• [Your instructions]: Using the material below, print a verbatim copy of every line from the one containing "La partie 1" through the one containing "- 4 Pipettes", inclusive, and omit the pictures.

• [Input for this task]:
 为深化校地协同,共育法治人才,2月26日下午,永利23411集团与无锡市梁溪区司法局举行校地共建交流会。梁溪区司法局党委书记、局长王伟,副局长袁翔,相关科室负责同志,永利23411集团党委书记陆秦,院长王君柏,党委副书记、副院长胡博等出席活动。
* * *
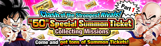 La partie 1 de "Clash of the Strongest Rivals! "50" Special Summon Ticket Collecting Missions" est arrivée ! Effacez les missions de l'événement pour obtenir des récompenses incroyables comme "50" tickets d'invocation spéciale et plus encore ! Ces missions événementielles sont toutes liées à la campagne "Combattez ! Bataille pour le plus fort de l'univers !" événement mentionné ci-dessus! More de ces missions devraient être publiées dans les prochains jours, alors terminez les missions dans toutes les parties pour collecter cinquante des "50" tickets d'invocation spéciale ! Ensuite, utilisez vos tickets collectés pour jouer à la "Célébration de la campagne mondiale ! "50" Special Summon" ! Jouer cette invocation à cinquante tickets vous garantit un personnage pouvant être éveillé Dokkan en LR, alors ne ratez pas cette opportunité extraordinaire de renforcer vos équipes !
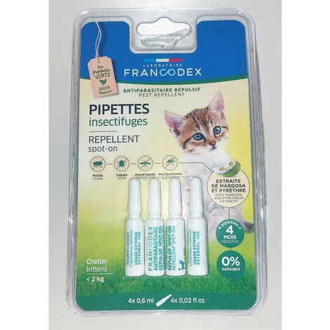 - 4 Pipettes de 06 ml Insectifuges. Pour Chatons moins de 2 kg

• [Your response]:
 La partie 1 de "Clash of the Strongest Rivals! "50" Special Summon Ticket Collecting Missions" est arrivée ! Effacez les missions de l'événement pour obtenir des récompenses incroyables comme "50" tickets d'invocation spéciale et plus encore ! Ces missions événementielles sont toutes liées à la campagne "Combattez ! Bataille pour le plus fort de l'univers !" événement mentionné ci-dessus! More de ces missions devraient être publiées dans les prochains jours, alors terminez les missions dans toutes les parties pour collecter cinquante des "50" tickets d'invocation spéciale ! Ensuite, utilisez vos tickets collectés pour jouer à la "Célébration de la campagne mondiale ! "50" Special Summon" ! Jouer cette invocation à cinquante tickets vous garantit un personnage pouvant être éveillé Dokkan en LR, alors ne ratez pas cette opportunité extraordinaire de renforcer vos équipes !
 - 4 Pipettes de 06 ml Insectifuges. Pour Chatons moins de 2 kg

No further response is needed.